Summer camp has officially ended. I no longer live on the kibbutz. I am no longer in ulpan. I have moved to an apartment in Yerushalayim (in Talpiyot, for those familiar with this marvelous city.) and plan to remain here until mid-May.
I apologize for the total lack of blogging during the month of January. The ulpan computer broke. Blogging should become more frequent, as I'll have more reliable access to the internet. (I'm currently using my roomate's computer, since we haven't quite figured out how to configure mine to access the internet. French keyboards are downright weird. They put letters and symbols in odd places. Like flipping the 'a' and the 'q'. I've never been so aware of just how many words use the letter 'a'.)
I don't really know what to think or feel about finishing the ulpan. When I planned out this year, five months had seemed like a sizable chunk of time. It went by so quickly. I'm more than halfway through my time in this country. It's a depressing thought.

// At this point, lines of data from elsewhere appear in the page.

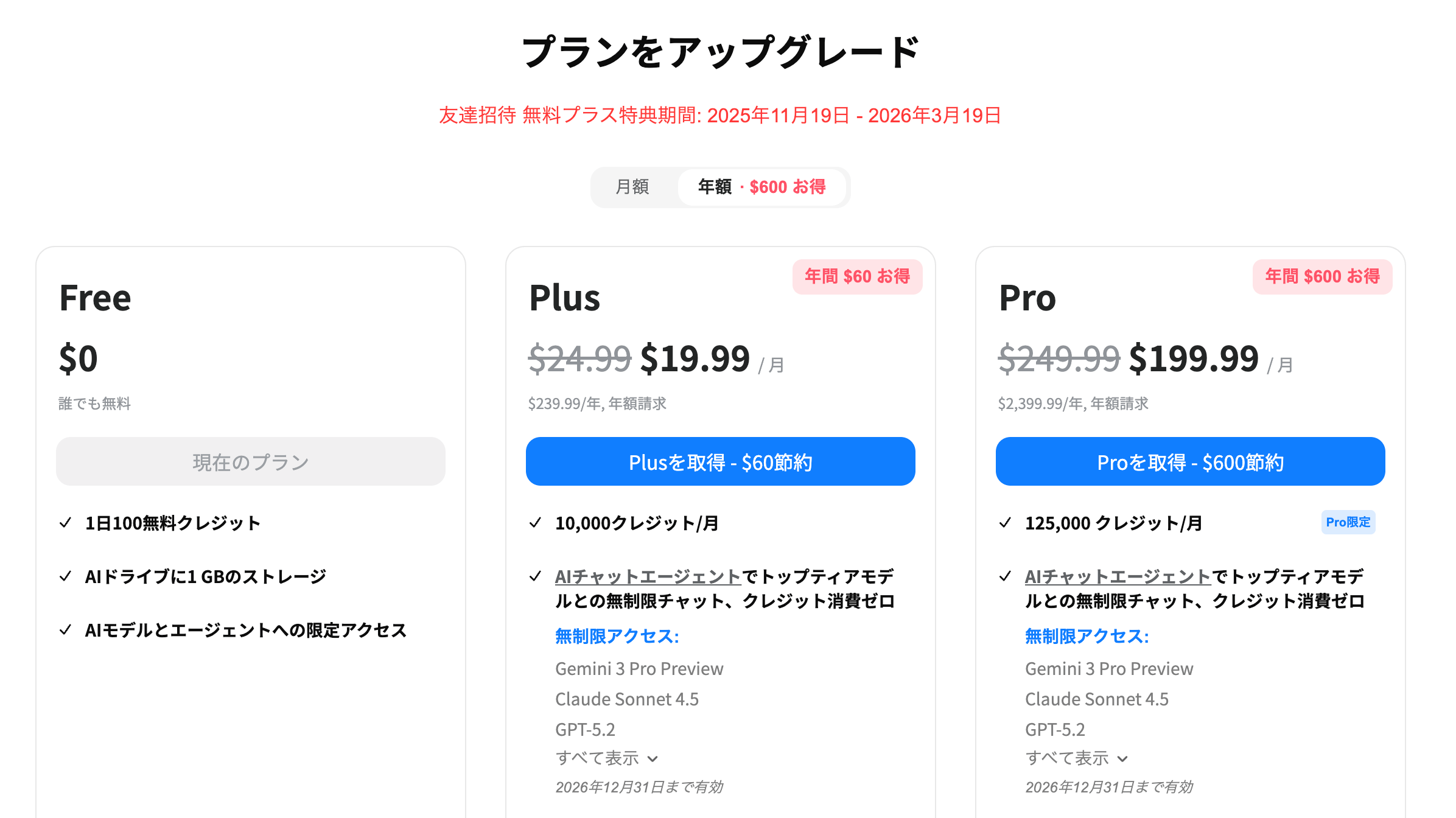 | Plus | $24.99 | $19.99 | 10,000/月 | 無制限AIチャット・50GBストレージ |
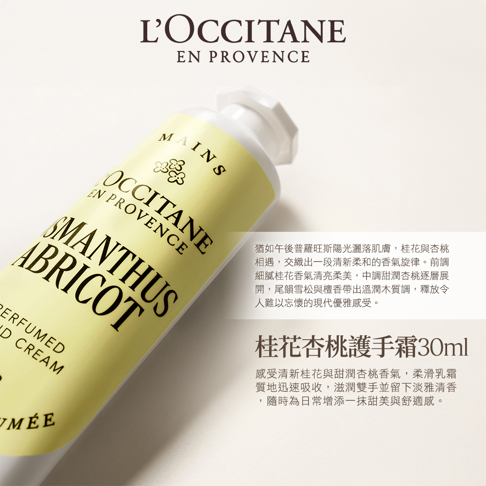 乳霜質地輕盈不黏膩,蘊含乳油木果油、向日葵籽油及桂花萃取,能修護因頻繁清潔消毒而乾燥受損的雙手,滋潤保濕同時也在手部留下桂花優雅香氣。
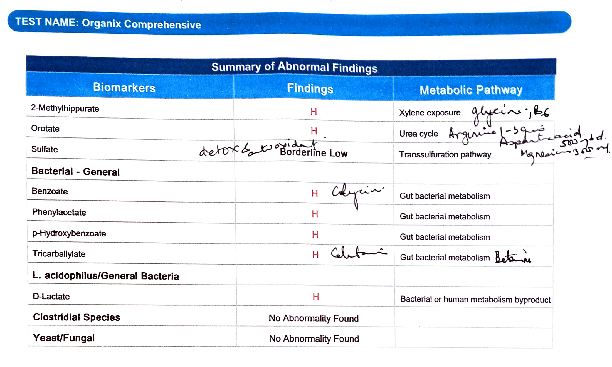 His organix tests revealed abnormal high level of biomarkers including suberate, L-lactate, citrate, succinate, a-ketaglutarte and many other. (Pic 4)
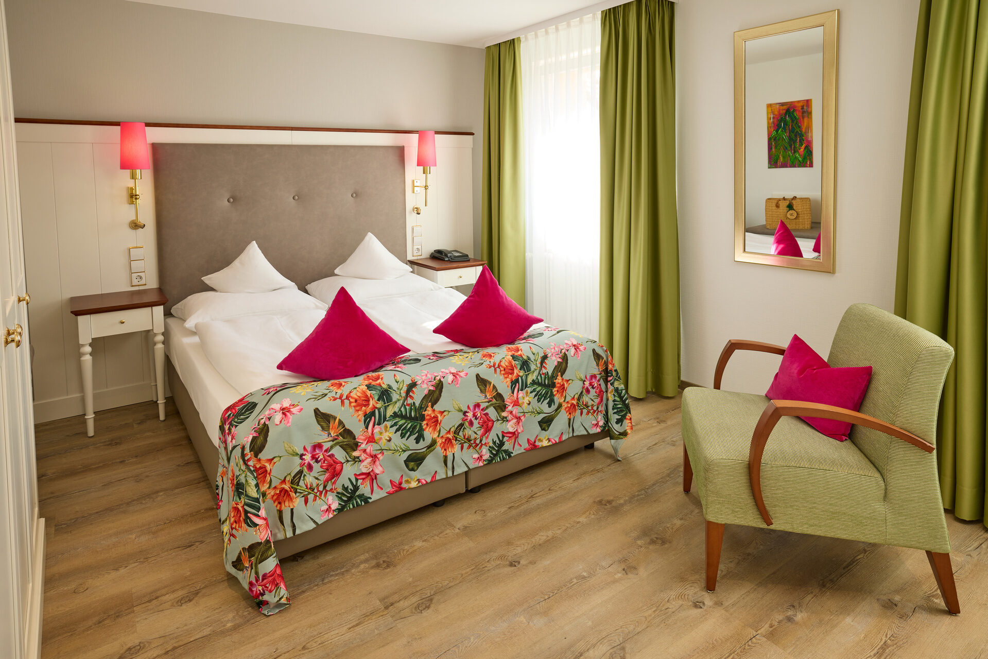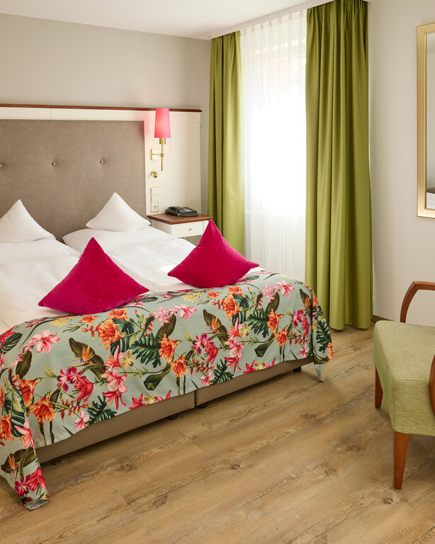 Unsere modern eingerichteten, großzügigen Zimmer im Golfhotel Grüner Baum im Renchtal, nur wenige Minuten von Oberkirch entfernt, bieten den idealen Rahmen, um den Alltag hinter sich zu lassen und die Zeit bewusst langsamer wahrzunehmen.

On the other hand, I've already accomplished so much of what I came here to do, and not just the part about learning Hebrew. I've come to realize so much about myself: the person I was when I left Chicago, the person I want to be, the kind of person I want to be with, the kind of person I don't want to be with. I see my Chicago life from an entirely different perspective now, and I know that some of this is going to leave a lasting impression. There are aspects of my life that are going to have to change when I go back to the States, and some of those changes will be difficult and painful. I'm starting to think that perhaps one of the reasons I came here was to give myself the opportunity to sort through some of this stuff. Baruch Hashem.
So here I am, back in a big city, in an apartment, having to pay bills and buy groceries and whatnot. The vacation part of my vacation is over. I will try to give more details in the coming posts about life on the ulpan and life in Yerushalayim. I'm hoping to have the time to make this blog more personal again. Until then, I'm going to do my little happy dqnce and sing my "I Live In Yerushalayim" happy song.